In each case: Order reversed, etc.
NOTES
Notes
[1] Petitioner is now known as Smith Barney, Inc.
[2] As directed by the 11th Circuit Court of Appeals, respondent pursued her arbitration claims before the NASD (see, Luckie v Smith Barney, Harris Upham & Co.,
[3] CPLR 202 provides: "An action based upon a cause of action accruing without the state cannot be commenced after the expiration of the time limited by the laws of either the state or the place without the state where the cause of action accrued, except that where the cause of action accrued in favor of a resident of the state the time limited by the laws of the state shall apply."
[4] Section 2 of the FAA, entitled "Validity, irrevocability, and enforcement of agreements to arbitrate," provides: "A written provision in any maritime transaction or a contract evidencing a transaction involving commerce to settle by arbitration a controversy thereafter arising out of such contract or transaction, or the refusal to perform the whole or any part thereof, or an agreement in writing to submit to arbitration an existing controversy arising out of such a contract, transaction, or refusal, shall be valid, irrevocable, and enforceable, save upon such grounds as exist at law or in equity for the revocation of any contract."
[5] The commercial transactions subject to the FAA's dictates are defined in section 1 of that Act as: "commerce among the several States or with foreign nations, or in any Territory of the United States or in the District of Columbia, or between any such Territory and another, or between any such Territory and any State or foreign nation, or between the District of Columbia and any State or Territory or foreign nation". (9 USC § 1.)

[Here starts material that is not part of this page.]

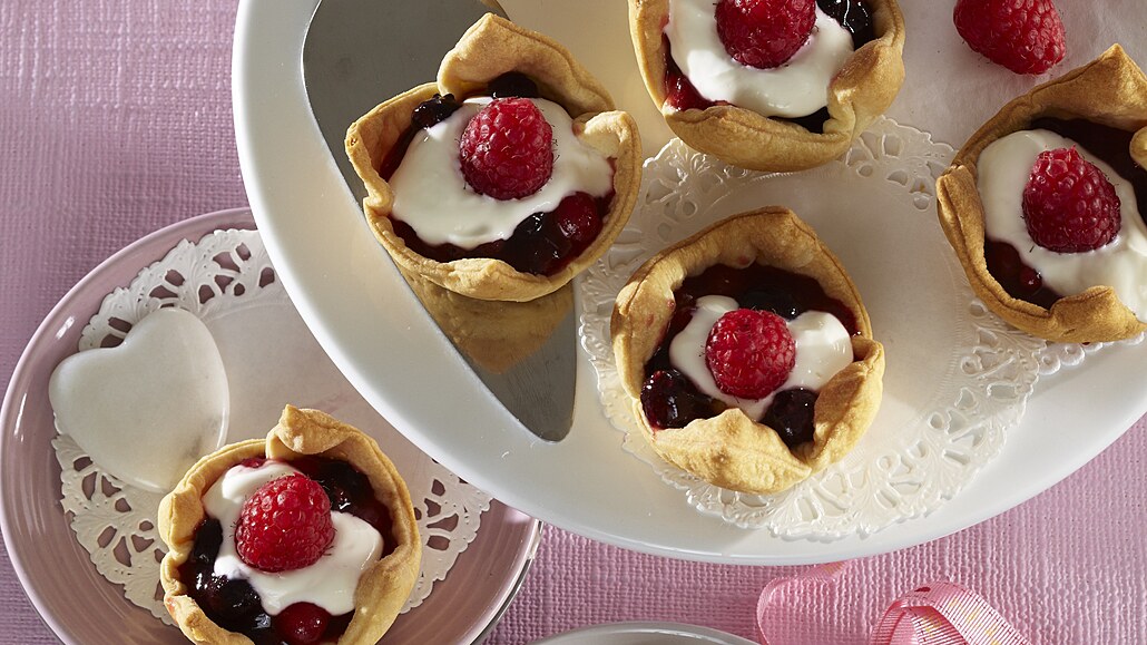 - Zakysanou smetanu rozmícháme a lžící dáme vždy trochu smetany do každého košíčku. Každý košíček ozdobíme čerstvou malinou a posypeme zlehka moučkovým cukrem.

[6] CPLR 7502 (b), entitled "Limitation of time", provides: "If, at the time that a demand for arbitration was made or a notice of intention to arbitrate was served, the claim sought to be arbitrated would have been barred by limitation of time had it been asserted in a court of the state, a party may assert the limitation as a bar to the arbitration on an application to the court * * *. The failure to assert such bar by such application shall not preclude its assertion before the arbitrators, who may, in their sole discretion, apply or not apply the bar."
[7] CPLR 7503 (a), entitled "Application to compel arbitration; stay of action", provides: "A party aggrieved by the failure of another to arbitrate may apply for an order compelling arbitration. Where there is no substantial question whether a valid agreement was made or complied with, and the claim sought to be arbitrated is not barred by limitation under subdivision (b) of section 7502, the court shall direct the parties to arbitrate. Where any such question is raised, it shall be tried forthwith in said court. If an issue claimed to be arbitrable is involved in an action pending in a court having jurisdiction to hear a motion to compel arbitration, the application shall be made by motion in that action. If the application is granted, the order shall operate to stay a pending or subsequent action, or so much of it as is referable to arbitration."
[8] FAA § 3 provides for a judicial stay of court proceedings "brought in any of the courts of the United States" where an issue raised therein is referable to arbitration. Additionally, section 4 of the Act authorizes "[a] party aggrieved by the alleged failure, neglect, or refusal of another to arbitrate under a written agreement for arbitration [to] petition any United States district court * * * for an order directing that such arbitration proceed in the manner provided for in such agreement" (9 USC § 4 [emphasis supplied]). These sections generally provide tools to enforce arbitration agreements and do not purport to circumscribe the issues that a State court may consider in staying or compelling arbitration where the parties' agreement contemplates that its enforcement will be governed by the law of a particular State.